WHAT THE TASK REQUIRES:
Beginning with the line that contains "建面98平3+1房两卫,LD" and ending with the line that contains "Crowley Newby, Marion", reproduce the lines of the entries below exactly, omitting pictures.

--- RECORDS SHOWN ---

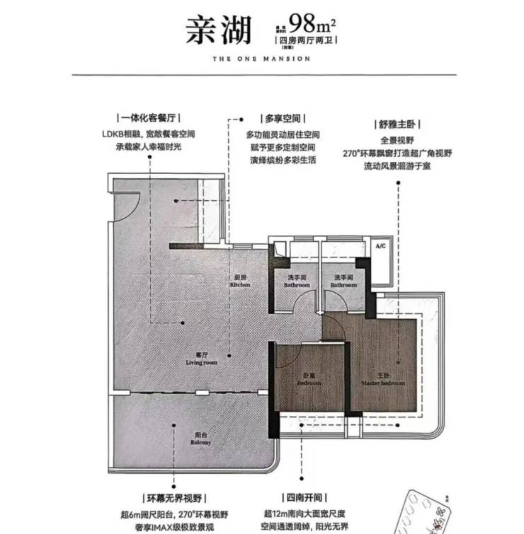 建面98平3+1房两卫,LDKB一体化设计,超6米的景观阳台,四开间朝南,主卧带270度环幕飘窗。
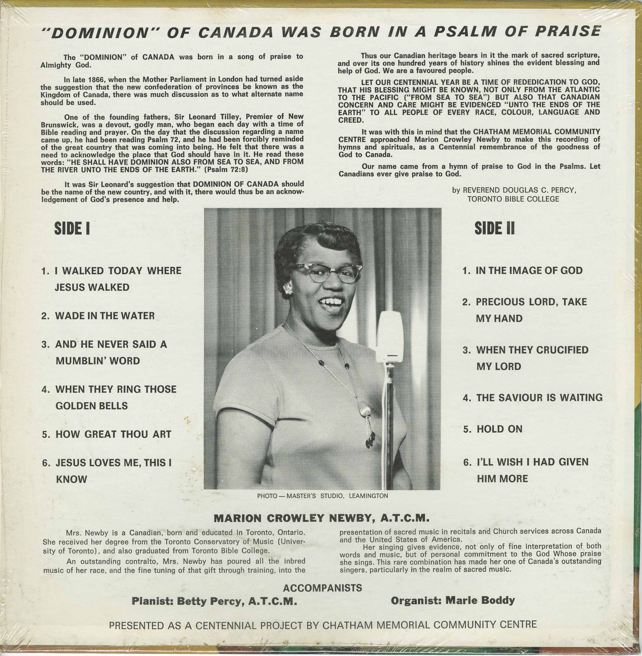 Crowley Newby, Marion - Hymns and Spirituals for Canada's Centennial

---
--- RECORDS SHOWN ---

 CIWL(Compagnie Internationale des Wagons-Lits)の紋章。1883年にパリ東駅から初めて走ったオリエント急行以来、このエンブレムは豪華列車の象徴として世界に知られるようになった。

---
--- RECORDS SHOWN ---

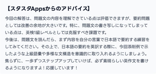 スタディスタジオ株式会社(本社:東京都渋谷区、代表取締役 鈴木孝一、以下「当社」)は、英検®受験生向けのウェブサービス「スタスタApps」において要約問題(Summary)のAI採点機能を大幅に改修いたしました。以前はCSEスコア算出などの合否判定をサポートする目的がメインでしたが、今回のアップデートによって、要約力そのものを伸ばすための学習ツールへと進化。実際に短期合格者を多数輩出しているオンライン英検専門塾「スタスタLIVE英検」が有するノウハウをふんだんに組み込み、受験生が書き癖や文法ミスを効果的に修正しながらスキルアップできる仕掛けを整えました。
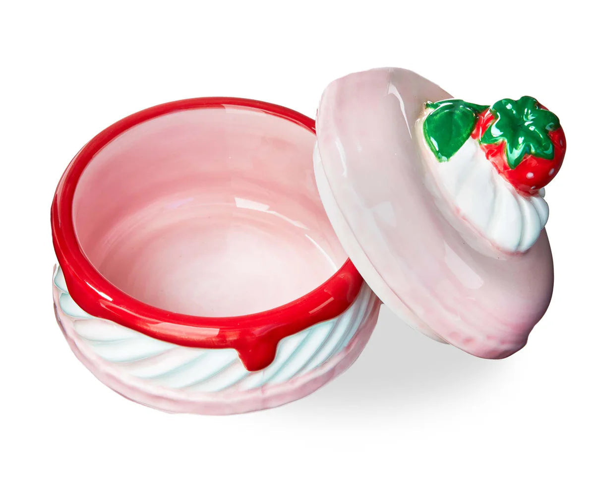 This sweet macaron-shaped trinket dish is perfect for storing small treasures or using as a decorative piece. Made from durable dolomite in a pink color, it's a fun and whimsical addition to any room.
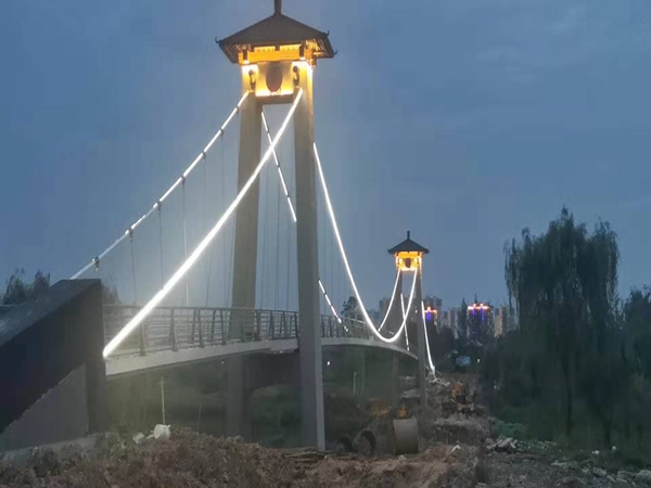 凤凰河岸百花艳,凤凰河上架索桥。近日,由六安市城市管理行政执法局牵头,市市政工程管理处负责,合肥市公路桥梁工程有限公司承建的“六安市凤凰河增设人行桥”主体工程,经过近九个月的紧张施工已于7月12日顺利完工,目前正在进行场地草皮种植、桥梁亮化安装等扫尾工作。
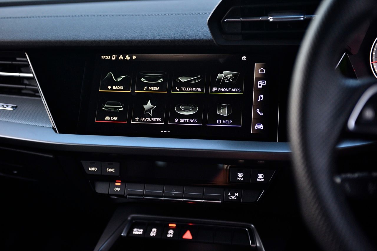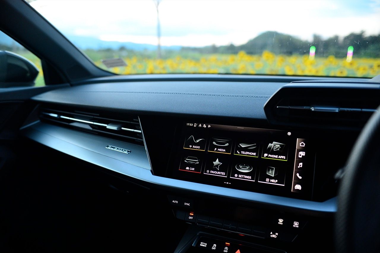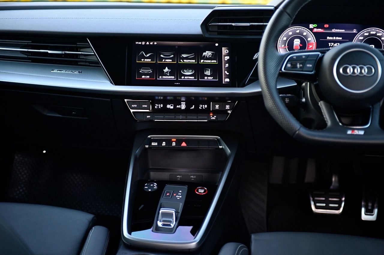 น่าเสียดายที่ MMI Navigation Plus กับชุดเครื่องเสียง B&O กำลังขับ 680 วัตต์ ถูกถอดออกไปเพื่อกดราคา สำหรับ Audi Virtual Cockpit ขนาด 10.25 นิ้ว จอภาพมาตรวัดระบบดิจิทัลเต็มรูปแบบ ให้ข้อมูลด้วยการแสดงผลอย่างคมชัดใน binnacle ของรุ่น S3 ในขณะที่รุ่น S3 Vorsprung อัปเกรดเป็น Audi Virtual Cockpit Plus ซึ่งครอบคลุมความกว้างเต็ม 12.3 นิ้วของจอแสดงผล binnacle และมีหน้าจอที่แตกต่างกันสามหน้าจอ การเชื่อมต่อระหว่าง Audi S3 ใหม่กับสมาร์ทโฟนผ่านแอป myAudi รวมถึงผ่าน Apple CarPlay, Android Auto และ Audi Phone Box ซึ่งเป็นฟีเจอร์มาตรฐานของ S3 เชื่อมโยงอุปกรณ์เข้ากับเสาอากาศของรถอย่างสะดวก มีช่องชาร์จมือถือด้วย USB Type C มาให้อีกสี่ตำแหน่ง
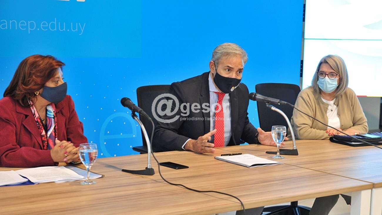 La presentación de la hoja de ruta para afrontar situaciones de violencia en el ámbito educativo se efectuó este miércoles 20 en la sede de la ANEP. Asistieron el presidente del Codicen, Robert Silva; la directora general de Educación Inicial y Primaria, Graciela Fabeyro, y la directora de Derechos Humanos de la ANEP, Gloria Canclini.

---

EXERCISE OUTPUT:
 建面98平3+1房两卫,LDKB一体化设计,超6米的景观阳台,四开间朝南,主卧带270度环幕飘窗。
 Crowley Newby, Marion - Hymns and Spirituals for Canada's Centennial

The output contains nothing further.